## Required work
What this exercise needs is every entry restated as written, with no pictures.

## Dataset entries

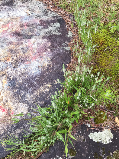 Separated from other Plantains by its narrow leaves and long hairy bracts, per Wildflowers of Tennessee, the Ohio Valley, and the Southern Appalachians (Horn, Cathcart, Hemmerly, & Duhl, 2005).
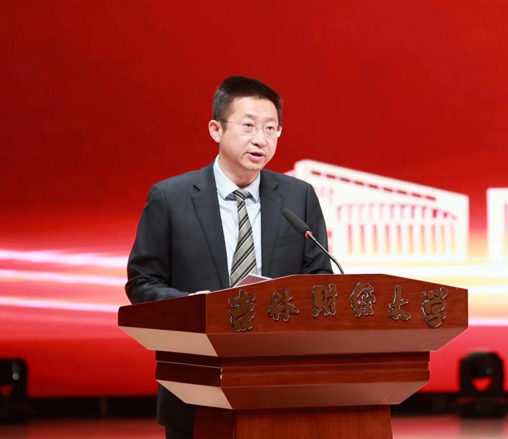 最后,校党委书记孙杰光围绕“高质量党建引领学校高质量发展”作部署。孙杰光指出,2022年是党和国家历史上极为重要的一年。党的二十大胜利召开,擘画了全面建设社会主义现代化国家、以中国式现代化全面推进中华民族伟大复兴的宏伟蓝图,吹响了奋进新征程的时代号角。2022年也是学校发展史上不平凡的一年,在疫情四次反复冲击的影响下,学校党委坚持以习近平新时代中国特色社会主义思想为指导,坚持服务国家重大战略需求和振兴吉林发展需要的办学方向,以高质量党建引领高质量发展,交出了一份疫情防控与学校事业发展双胜利的优异答卷。2023年,学校党委将始终坚持以党的政治建设为统领,扎实开展学习贯彻习近平新时代中国特色社会主义思想主题教育,坚持不懈用党的创新理论武装凝心铸魂;始终坚持以党的全面领导为引领,紧扣应用研究型大学办学定位,聚焦立德树人和学科建设“两大任务”,聚焦“双一流”“双特色”建设,加快推进决策咨询和成果转化,着力提高人才自主培养质量,持续提升学校国际化水平和教育保障能力,全面促进学校内涵式高质量发展;始终坚持“党管干部、党管人才”原则,突出政治标准,树立正确选人用人导向,加强干部教育培训和管理监督,建立健全干部担当作为的激励和保护机制,深化人才发展体制机制改革,扎实开展“干部人才建设年”活动;始终坚持以大抓基层的鲜明导向为引领,突出增强政治功能和组织功能,着力抓强院系组织力建设,抓实党务工作者队伍,强化党员党性锤炼,提高基层党组织的凝聚力、向心力、战斗力;始终坚持思想政治工作守正创新,坚持不懈用习近平新时代中国特色社会主义思想铸魂育人,深入推动习近平新时代中国特色社会主义思想和党的二十大精神进教材进课堂进头脑,进一步完善“大思政”工作体系,加强师德师风和思想政治工作队伍建设,实现立德铸魂育人;始终坚持以全面推进从严治党为引领,履行好各级干部主体责任,强化政治监督,不断深化和巩固拓展巡视整改成效,全面加强纪律作风建设和党风廉政建设;始终坚持以总体国家安全观为引领,健全安全工作体制机制,严格落实意识形态工作责任制,压紧压实安全稳定责任,防范校园安全风险,加强校园疫情防控能力建设,维护校园安全稳定。孙杰光要求,全体师生员工要认真落实党的二十大精神和全国两会精神,紧紧围绕教育强国、教育强省、科技强省、人才强省的战略目标,对标国内一流财经大学的宏伟目标,对标年度重点任务,以“拼”的精神、“闯”的劲头、“实”的作风,积极为学校奋力谱写中国式现代化进程中,推动吉林全面振兴取得新突破的贡献吉财智慧和吉财力量。
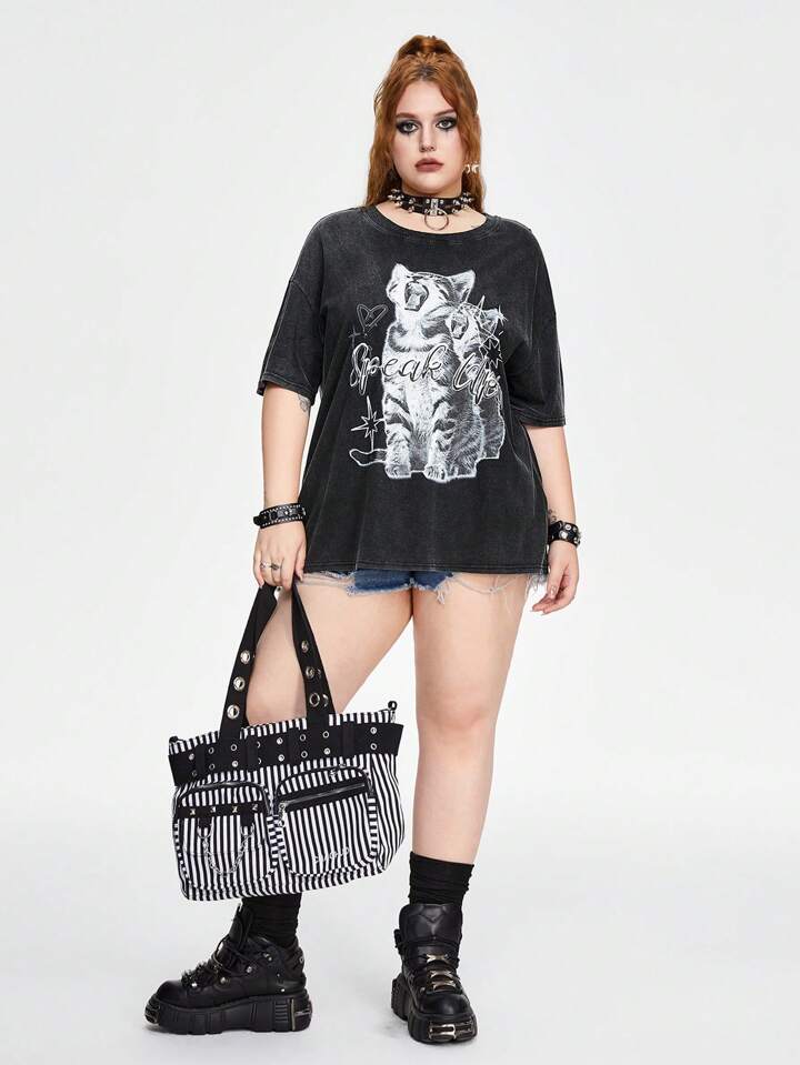Grunge Punk Plus Size Vintage Washed Snowflake Fabric Funny Cat Printed Loose Fit Summer T-Shirt, School
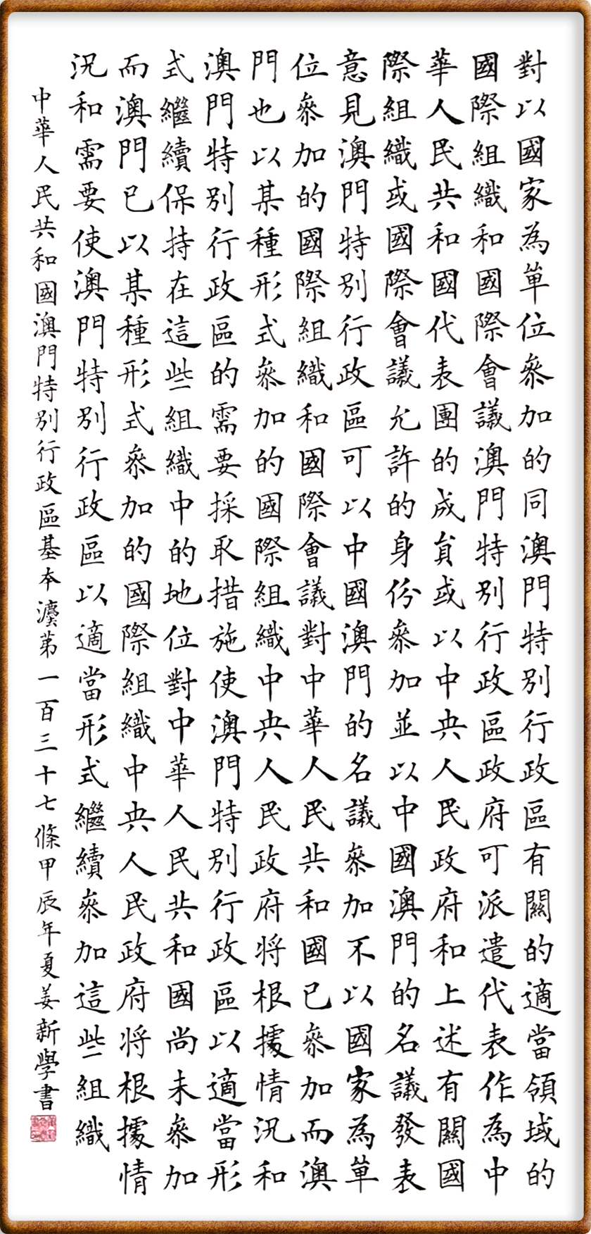 澳門基本法第一百三十七條 對以國家為單位參加的、同澳門特別行政區(qū)有關的、適當領域的國際組織和國際會議,澳門特別行政區(qū)政府可派遣代表作為中華人民共和國代表團的成員或以中央人民政府和上述有關國際組織或國際會議允許的身份參加,并以“中國澳門”的名義發(fā)表意見。
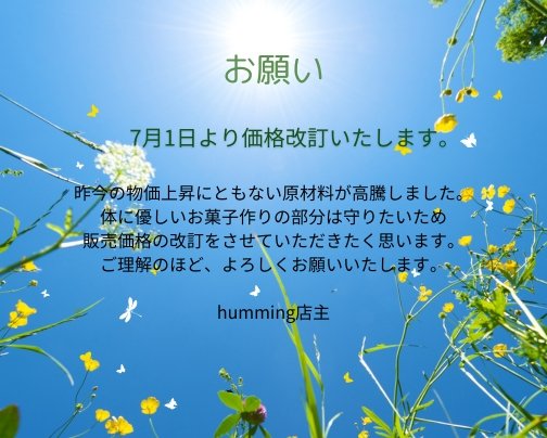 物価上昇が続く中、当店の商品の原材料も価格が高騰してきました。お客様には大変申し訳ないおもいですが、ごめんなさい。価格を上げさせて下さい。これからも喜んでいただけるようなお菓子作りを精進して参ります。よろしくお願いいたします。 …続きを読む

## Answer box
 Separated from other Plantains by its narrow leaves and long hairy bracts, per Wildflowers of Tennessee, the Ohio Valley, and the Southern Appalachians (Horn, Cathcart, Hemmerly, & Duhl, 2005).
 最后,校党委书记孙杰光围绕“高质量党建引领学校高质量发展”作部署。孙杰光指出,2022年是党和国家历史上极为重要的一年。党的二十大胜利召开,擘画了全面建设社会主义现代化国家、以中国式现代化全面推进中华民族伟大复兴的宏伟蓝图,吹响了奋进新征程的时代号角。2022年也是学校发展史上不平凡的一年,在疫情四次反复冲击的影响下,学校党委坚持以习近平新时代中国特色社会主义思想为指导,坚持服务国家重大战略需求和振兴吉林发展需要的办学方向,以高质量党建引领高质量发展,交出了一份疫情防控与学校事业发展双胜利的优异答卷。2023年,学校党委将始终坚持以党的政治建设为统领,扎实开展学习贯彻习近平新时代中国特色社会主义思想主题教育,坚持不懈用党的创新理论武装凝心铸魂;始终坚持以党的全面领导为引领,紧扣应用研究型大学办学定位,聚焦立德树人和学科建设“两大任务”,聚焦“双一流”“双特色”建设,加快推进决策咨询和成果转化,着力提高人才自主培养质量,持续提升学校国际化水平和教育保障能力,全面促进学校内涵式高质量发展;始终坚持“党管干部、党管人才”原则,突出政治标准,树立正确选人用人导向,加强干部教育培训和管理监督,建立健全干部担当作为的激励和保护机制,深化人才发展体制机制改革,扎实开展“干部人才建设年”活动;始终坚持以大抓基层的鲜明导向为引领,突出增强政治功能和组织功能,着力抓强院系组织力建设,抓实党务工作者队伍,强化党员党性锤炼,提高基层党组织的凝聚力、向心力、战斗力;始终坚持思想政治工作守正创新,坚持不懈用习近平新时代中国特色社会主义思想铸魂育人,深入推动习近平新时代中国特色社会主义思想和党的二十大精神进教材进课堂进头脑,进一步完善“大思政”工作体系,加强师德师风和思想政治工作队伍建设,实现立德铸魂育人;始终坚持以全面推进从严治党为引领,履行好各级干部主体责任,强化政治监督,不断深化和巩固拓展巡视整改成效,全面加强纪律作风建设和党风廉政建设;始终坚持以总体国家安全观为引领,健全安全工作体制机制,严格落实意识形态工作责任制,压紧压实安全稳定责任,防范校园安全风险,加强校园疫情防控能力建设,维护校园安全稳定。孙杰光要求,全体师生员工要认真落实党的二十大精神和全国两会精神,紧紧围绕教育强国、教育强省、科技强省、人才强省的战略目标,对标国内一流财经大学的宏伟目标,对标年度重点任务,以“拼”的精神、“闯”的劲头、“实”的作风,积极为学校奋力谱写中国式现代化进程中,推动吉林全面振兴取得新突破的贡献吉财智慧和吉财力量。
Grunge Punk Plus Size Vintage Washed Snowflake Fabric Funny Cat Printed Loose Fit Summer T-Shirt, School
 澳門基本法第一百三十七條 對以國家為單位參加的、同澳門特別行政區(qū)有關的、適當領域的國際組織和國際會議,澳門特別行政區(qū)政府可派遣代表作為中華人民共和國代表團的成員或以中央人民政府和上述有關國際組織或國際會議允許的身份參加,并以“中國澳門”的名義發(fā)表意見。
 物価上昇が続く中、当店の商品の原材料も価格が高騰してきました。お客様には大変申し訳ないおもいですが、ごめんなさい。価格を上げさせて下さい。これからも喜んでいただけるようなお菓子作りを精進して参ります。よろしくお願いいたします。 …続きを読む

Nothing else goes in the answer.